Tuesday night, I attended the discussion "S.O.S.: Save Our Sex" held at the new xl Nightclub. I very much support the idea for this discussion, because a discussion such as this needs to be had. And NOT for one night only.

The topics to be discussed were:
-anonymous sex
-money, sex, and drugs
-labels, gender, and race
-marriage and open relationships

The issue of barebacking  and porn's role in influencing it seemed to dominate the night. To the point that practically all the other topics slated to be discussed never got addressed, and those topics of which the names were said were said because of their connection to barebacking. For this reason, the question I tweeted to @SaveOurSexNY never got asked. I admit that I did however chime in at one point for all to hear.

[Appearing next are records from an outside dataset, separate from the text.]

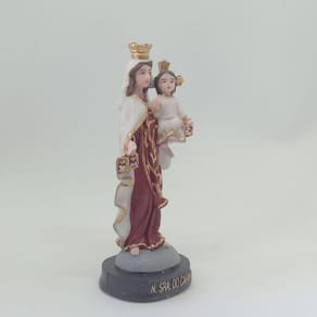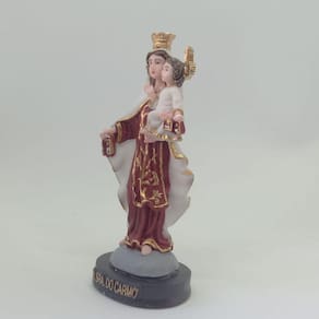 A imagem de Nossa Senhora do Carmo é esculpida em resina nacional, com cores e tons que podem sofrer pequenas variações. Para garantir a preservação do acabamento e qualidade, nossos produtos são cuidadosamente embalados antes do envio.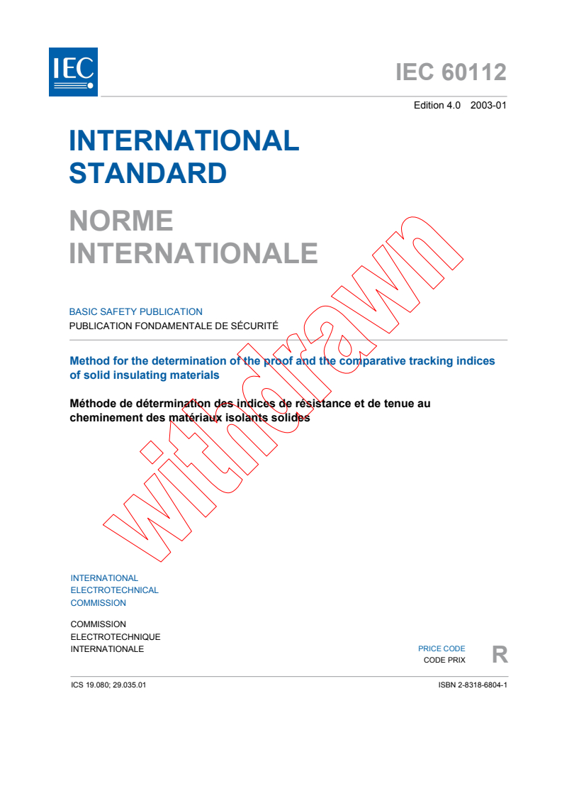 IEC 60112:2003 - Method for the determination of the proof and the comparative tracking indices of solid insulating materials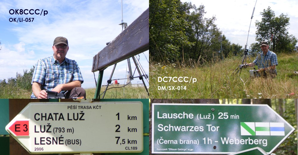Of course it is the same mountain, but the border between the Czech Republic (OK) and Germany (DL) is directly on the summit. Couriously DM/SX-014 gives 8 SOTA points and OK/LI-057 6 SOTA points.I started the ascent from Waltersdorf. It was steep, but after 30 minutes I was on the summit. I decided to activate first with OK8CCC/p. When the setup was done and the antenna tuned to 40m I heard a very big signal from another OK-station. It was OK/DL7VKD/p calling CQ SOTA. I answered and he gave me 599 plus OK/LI-057. Hihi, Dieter was on the same summit but a little bit in the forest, I was directly on the summit.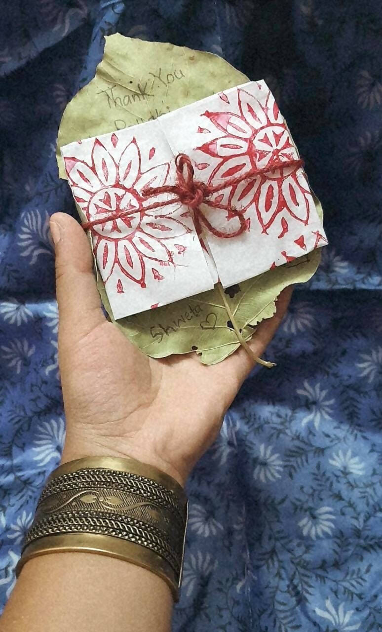 The idea of packaging is to create minimal impact on our environment and to promote the process of upcycling and recycling. Every "Kauseyah" order comes in a zero waste potli bag or inside the brown paper with a customized message on the Sal leaves which are sourced from the forests of Bastar.

In the discussion, it was repeatedly being put on gay porn how they bare some responsibility for the young people who have bareback sex. Two panelists, Daniel Nardicio and Michael Lucas both pointed out how we are all adults, and it was our responsibility to take care of ourselves. At this point, I kept applauding their points. It was my friend accompanying me who gave me the nudge to actually say something to the crowd, because he knows of my porn past and late coming out. Hence why I made it clear that I was living proof of Daniel and Michael's point. I stated how I came out at 31, but I knew loooong before that to put on a condom. So to blame bareback porn for young people not putting on a condom is "absolute bullshit". This comment was met with a nice applause by the audience.

Unfortunately, what I left out of my comment due to time constraints was how I come from a very religious background, and I didn't have sex ever until that coming out.

FYI - this year, I celebrate 10 years since my coming out to myself (February 9th) and losing my virginity (February 10th).

Some may feel that the safer sex message targeting the gay community is no longer out there with as much force in mainstream media. That's actually true. However, the message is still being put out there. It hasn't gone anywhere. It is mentioned often enough in mainstream media, and should be taught in homes anyway by responsible parents. So if anyone in the gay community believes that the message is gone, then they need to realize that before people come out to themselves as gay, they often lived as I did - lying to themselves that they are the straight majority, with parents treating them as such. And some of the things taught to them while in the straight community can actually be called "knowledge". And condom use is one of those bits of knowledge. Therefore, those newly out gays need to bring that knowledge with them when they start their lives as gay adults.

One problem I saw with this event is that because of the importance of the issues that the press release listed, an event such as this MUST START ON TIME.

Furthermore, they could have saved a good deal of time getting right to business, instead of trying to get off. They could have done this by doing away with the "networking' part of the event where they give you name tags color-coded based on your relationship status. This may sound strange coming from a sexually liberated person such as myself, but the fact is that while I am so "sexually liberated", "sex positive", or whatever term you want to call me, I am still very much capable of prioritizing when and where sex is needed to be a selling point. And the fact that we were discussing it, should have been enough. Anything else should be done on your own time.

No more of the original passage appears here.